New material for creating artificial blood vessels
TU Wien and MedUni Vienna have developed artificial blood vessels, which are broken down by the body and replaced with its own tissue.
Foto: Helga Bergmeister, MedUni Wien
A thin polymer thread spun into tubes
To produce the vascular prostheses, polymer solutions were spun in an electrical field to form very fine threads and wound onto a spool. "The wall of these artificial blood vessels is very similar to that of natural ones," says Heinz Schima of the Medical University of Vienna. The polymer fabric is slightly porous and so, initially, allows a small amount of blood to permeate through and this enriches the wall with growth factors. This encourages the migration of endogenous cells. The interaction between material and blood was studied by Martina Marchetti-Deschmann at TU Wien using spatially resolved mass spectrometry.
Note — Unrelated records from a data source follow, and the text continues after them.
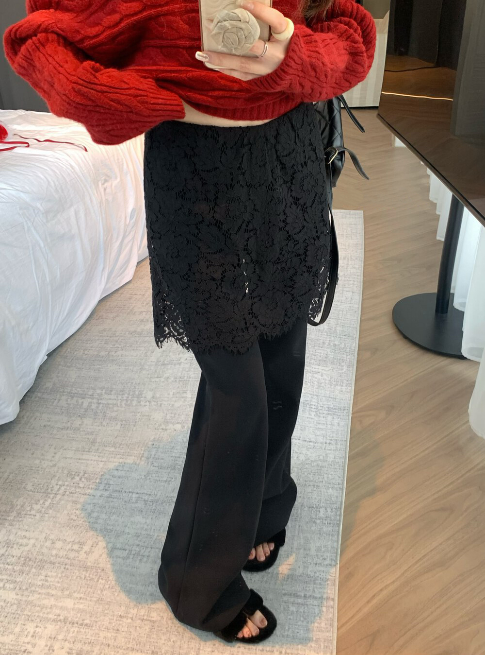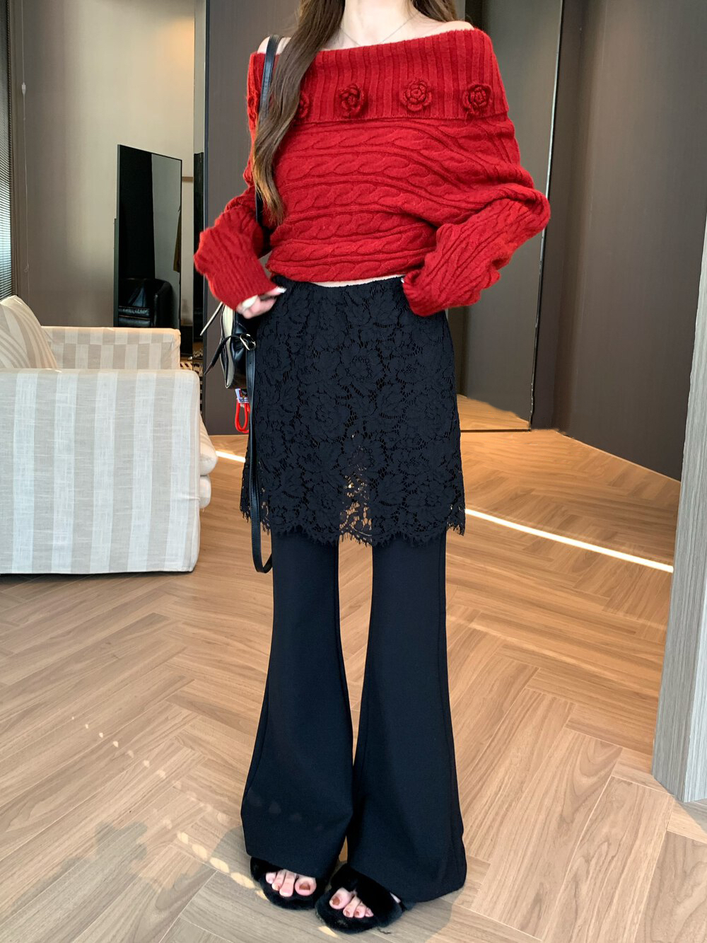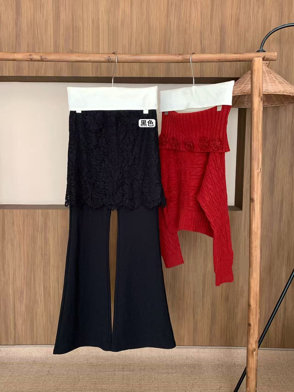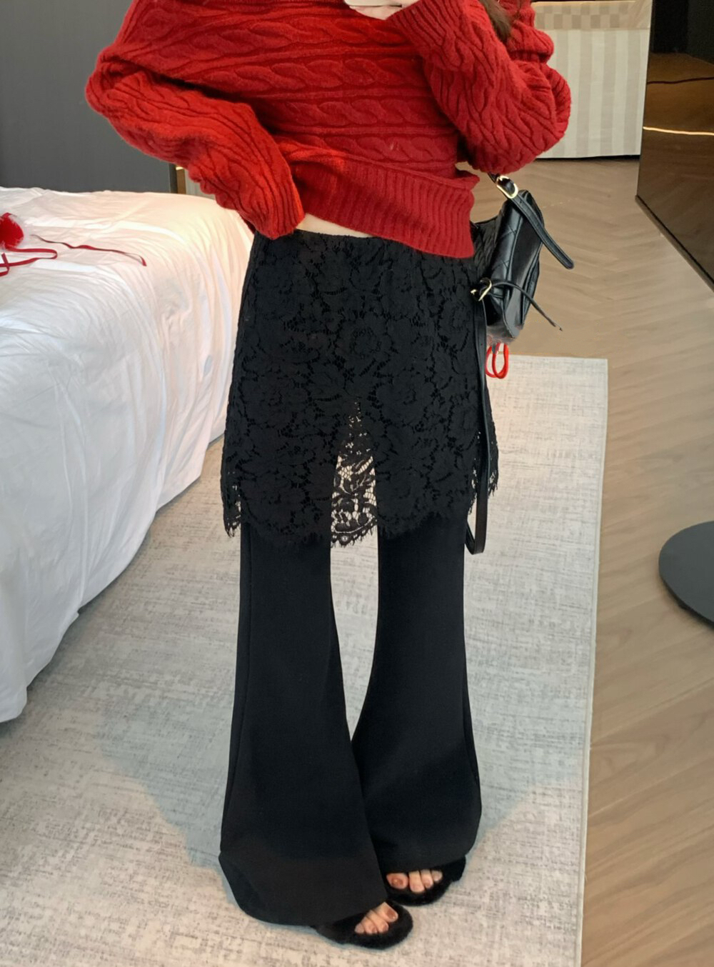 물리적 인지도 있음 업데이트 2026 봄 패션 페이크 레이어드 레이스 방귀 커튼 부츠컷 하이웨이스트 캐주얼 바지 여성 8752
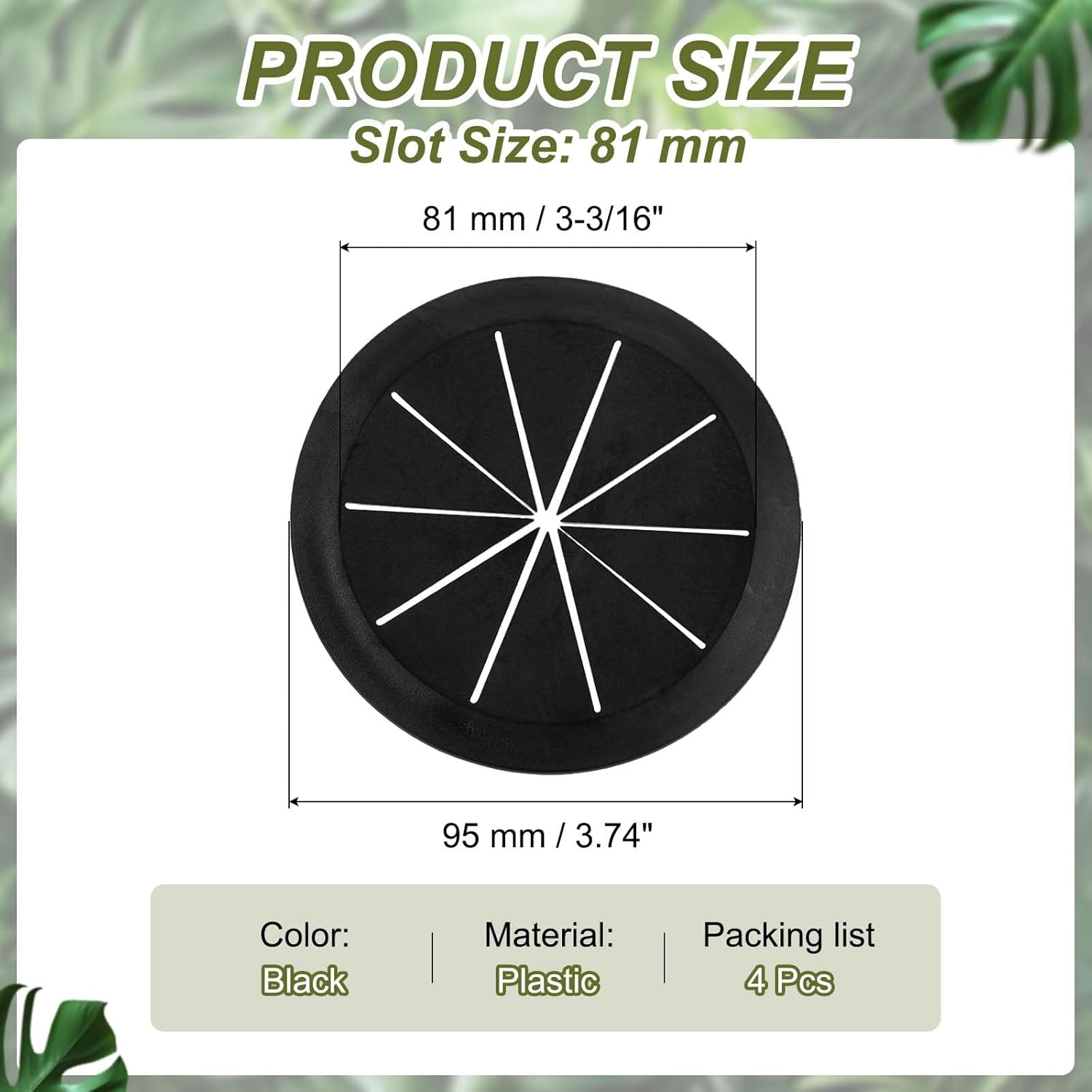 - Color: Black; Material: Plastic; Inner Diameter: 81 mm / 3-3/16"; Slot Size: 80 mm / 3.15 inch; Total Size: 95 mm / 3.74 inch; Packing List: 4 Pcs x Desk Grommet
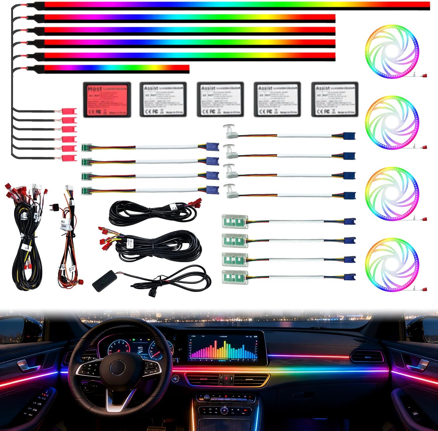 Car Interior Lighting, 22-in-1 HMYC 128 Colorful LED Acrylic Fiber Optic Strips, Universal Decorative Ambient Lighting with Music-synced Rhythm, app Control, RGB neon Lighting for All Cars
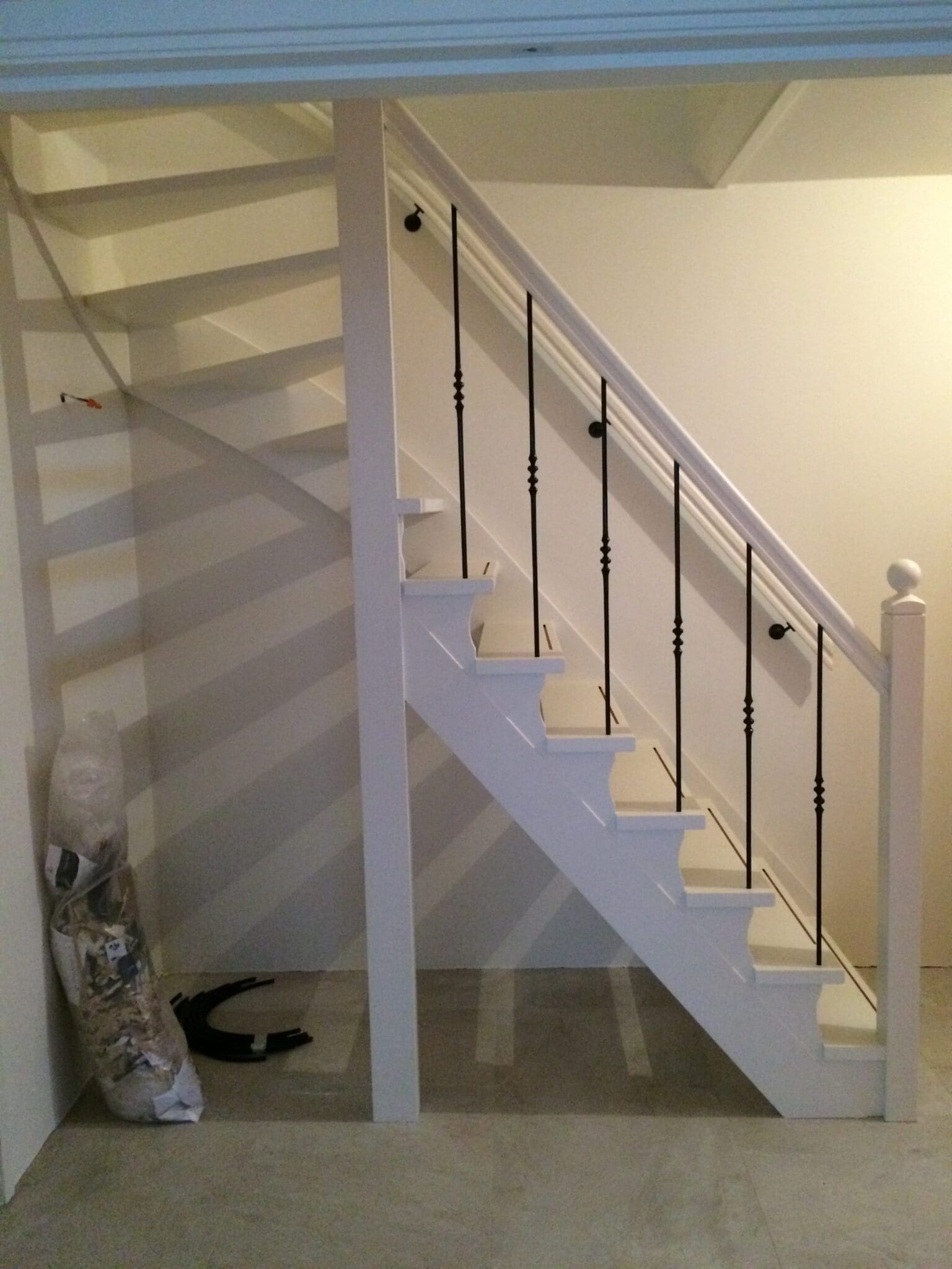 Deze kwartslagtrap is een rechte trap met aan de bovenzijde een draai van 90 graden. Door het witte design en zwarte afstekende spijlen is het een echte eyecatcher in uw woning.
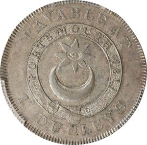 This specimen was lot 75156 in Stack's Bowers Collectors Choice sale (Costa Mesa, CA, September 2023), where it sold for $384. The catalog description[1] noted, "GREAT BRITAIN. Trade Tokens. Hampshire. Portsmouth. Silver Shilling Token, 1811. PCGS AU-58. Milled edge. Pale argent and steel gray surfaces remain fresh after over two centuries of survival. Complete luster stretches across both fields and devices, though there is perhaps just a little too much handling for PCGS to consider a Mint State grade. An ideal and somewhat necessary acquisition for numismatists who want to build Shilling Token sets. From the David Sterling Collection." Altho we have filed this with the Conder tokens, it is not, being silver and issued after the publication of Conder's book.
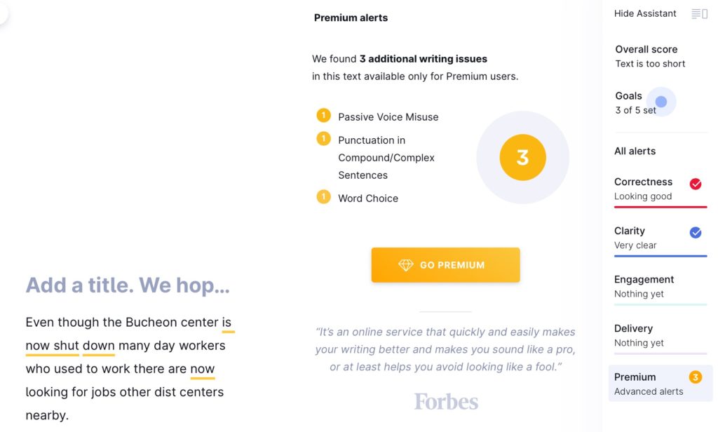 게다가 무료 버전에서도 문법, 구두법 뿐만 아니라 작문의 스타일상 조언도 (약간이지만) 해줘서 보다 정제된 문장을 작성하는 데 도움이 된다.
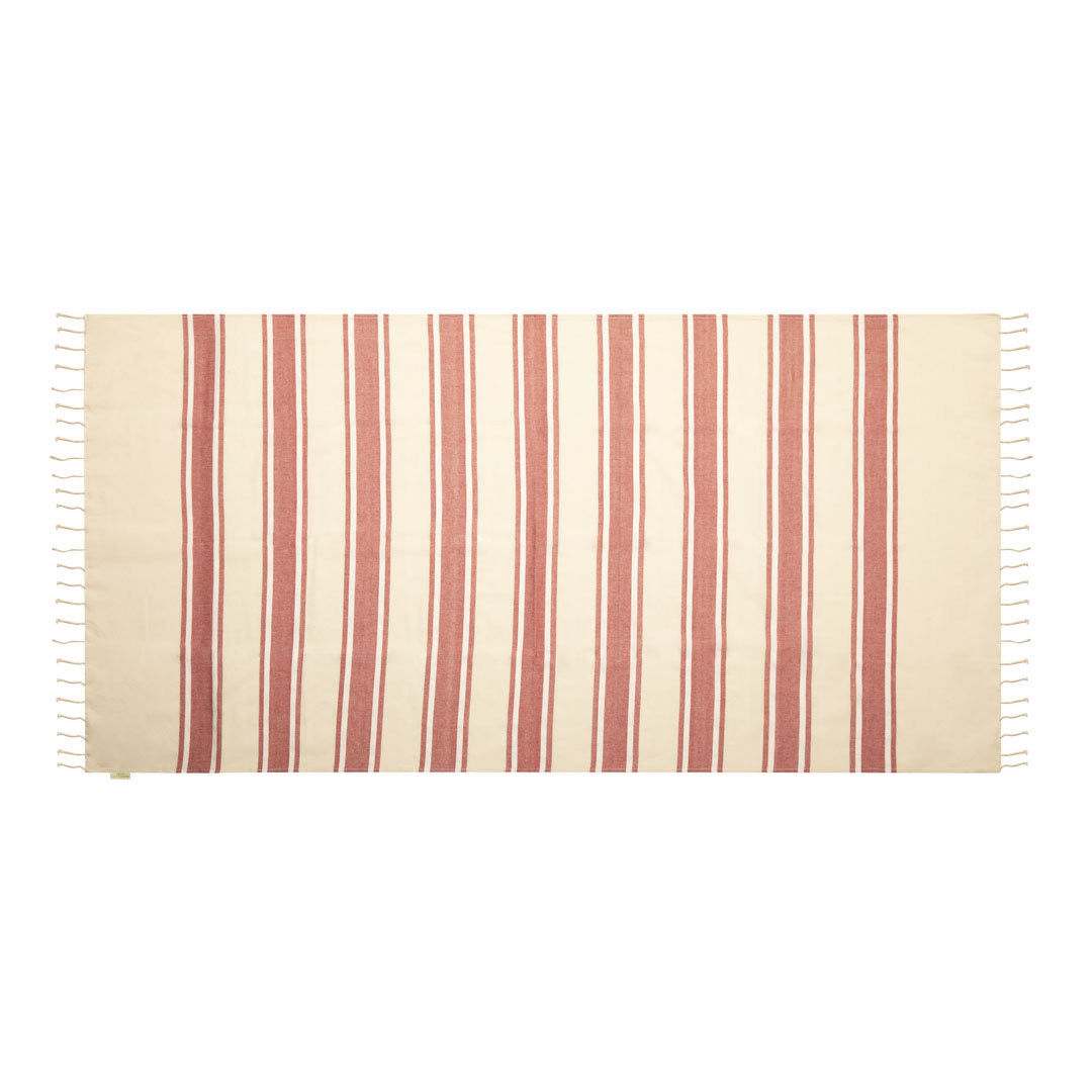 Pareo toalla 2 en 1 en algodón orgánico de 110g/m2. Tamaño 180 x 90 cm y disponible en variada gama de colores combinados. Distintivo organic en etiqueta.

The new method has already proved very successful in experiments with rats. "The rats' blood vessels were examined six months after insertion of the vascular prostheses," says Helga Bergmeister of MedUni Vienna. “We did not find any aneurysms, thromboses or inflammation. Endogenous cells had colonized the vascular prostheses and turned the artificial constructs into natural body tissue." In fact, natural body tissue re-grew much faster than expected so that the degradation period of the plastic tubes can be even shorter. Further adaptations are currently being made to the material.